Tuesday, October 07, 2008

days of repentance - holy days

These are the Holy Days where fasting and focusing on the Almighty takes place for both the Jew and the Muslim.

These religious and High Holidays (Ramadan, Rosh Hashana and Yom Kippur) are days of sweetness, purification, self-evaluation and self-sacrifice.

They are the days used as reminders where every Image Bearers will not escape that final day of divine reckoning with the Almighty where the sheep and the goat will be separated.

None of us can escape this present day opportunity that comes to search our hearts and see what wicked way resides in the secret recesses of our souls.

And how very interesting the timing of such an opportunity for all of us - as Judgment Day has indeed fallen on the greed, corruption and spilt blood on Wall Street. Is money not the gauge that reveals where a heart is toward Who God is?

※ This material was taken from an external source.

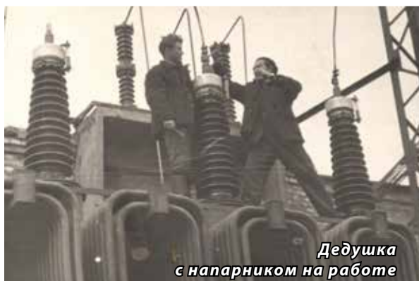
Дедушка с напарником на работе

A religious journal I occasionally read sites authors and financial advisers, James Dale Davidson and Sir William Rees-Mogg, who wrote in their book Blood in the Streets about their intrigue with the aspect of timing apparent in economic cycles:

"Even more mysterious is the strange tendency for major crashes to occur in the autumn, especially in October. For example, September 18, 1873; October 29, 1929; October 6, 1932; October 18, 1937; October 19, 1987; and October 13, 1989. Each of these dramatic results, among the largest drops ever recorded, occurred in the fall. The old view would be to argue that this is only coincidence, which of course is possible. Most likely some factor we do not now understand increases the vulnerability to selloffs in the fall."



The culmination of these religious holidays (both Jew and Muslim) signal the process of coming back to the Almighty. But if this coming back to the Almighty ends only at the culmination of this religious holiday and is not lived day in and day out with thought of The Divinely Appointed Final Judgment (Judgment Seat of Christ and the Great White Throne) without reconciled thought about the Incarnate Christ's sacrifice for all atonement, then I conjecture to ask, "What good is your sacrifice? For it's a sacrifice made by the hands of man and not the heart of a God who is seeking a personal relationship with those He created."